A group of hikers who went missing overnight north of Pasadena were found on a steep ledge by a rescue helicopter Monday morning, according to authorities.
Helicopters had launched early Monday to join the search for at least 15 hikers who were reported missing overnight in Eaton Canyon, a rugged area north of Pasadena where five deaths have occurred since 2011.

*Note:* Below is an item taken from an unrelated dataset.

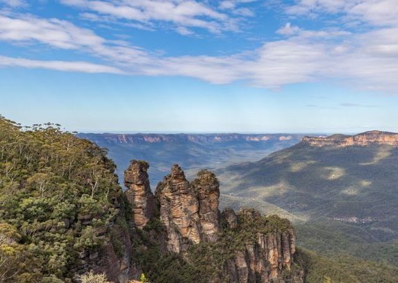 The Three Sisters is possibly the most famed of all Blue Mountains’ landmarks. Located at Echo Point near Katoomba, the unusual rock formation represents three sisters who, according to Aboriginal legend, were turned to stone.

The group was airlifted from the mountain soon after being found, returning to relieved friends and family. They described a challenging night, but one in which no one was seriously hurt.
U.S. & World
"We're fine, nothing happened to us, thank God," hiker Nancy Picado said after being rescued. "God was always with us, so we're good."
The group of young adults and teens were canyoneering as part of a church group of 30 people. The group started hiking at 9:30 a.m. Sunday, expected to return by 6 p.m. and reported missing at 9:30 p.m., according to the Los Angeles County Sheriff's Department.
"It was heartbreaking to not know what had happened to them, but something that we all have is ...faith in God and that he has the power to do great things," said Annajancy Armentia, a sister of one of the hikers.
The group was located by a sheriff's helicopter at around 9 a.m. It began hoisting the hikers up from the steep mountainside less than an hour later to be checked by medics at a nearby location, deputies said. They were then reunited with their family.
One appeared to be hobbling after disembarking the rescue helicopter. She later had a cast on her ankle.
Eaton Canyon is a popular hiking spot in the Angeles National Forest at the base of the San Gabriel Mountains north of Pasadena. A treacherous stretch of Eaton Canyon, the Upper Falls, closed earlier in 2014 after numerous rescues and injuries.
Since 2011, five people have died in the area. In March 2013, a 17-year-old girl suffered a fatal head injury in a fall from a cliff.
The park is the subject of a Los Angeles County Parks safety video that provides aerial views of the waterfall and ridge.
The group was made up of semi-experienced hikers who have gone out as a group on three-mile treks before.
The hikers ranged from 14 to 36 years of age.
"They are well trained, they have been doing this for a couple of years," Armentia said. "They came with food, they came with water, they came with harnesses and everything."
The group decided not to move after night fell, builing a fire to keep warm.
"We were wet and we were tired," Picado said.
The group was not hiking through a restricted part of the canyon, but were probably three miles from the bottom, with three or four waterfalls to cross along the route, according to James Moussally, a member of the Altadena Rescue Team.
He said the area has rock that often crumbles, making it hard or impossible to follow established paths to the top of the waterfalls.
"Maybe they weren't quite prepared for it to take as long as it did because of the amount of people" in their group, Moussally said.
Air units were deployed as low clouds and fog begin to break up Monday over the San Gabriel Mountains northeast of Los Angeles.
A sheriff's helicopter airlifted a hiker during its search for the missing hikers, but he was not part of that group, according to a sheriff's deputy on the scene.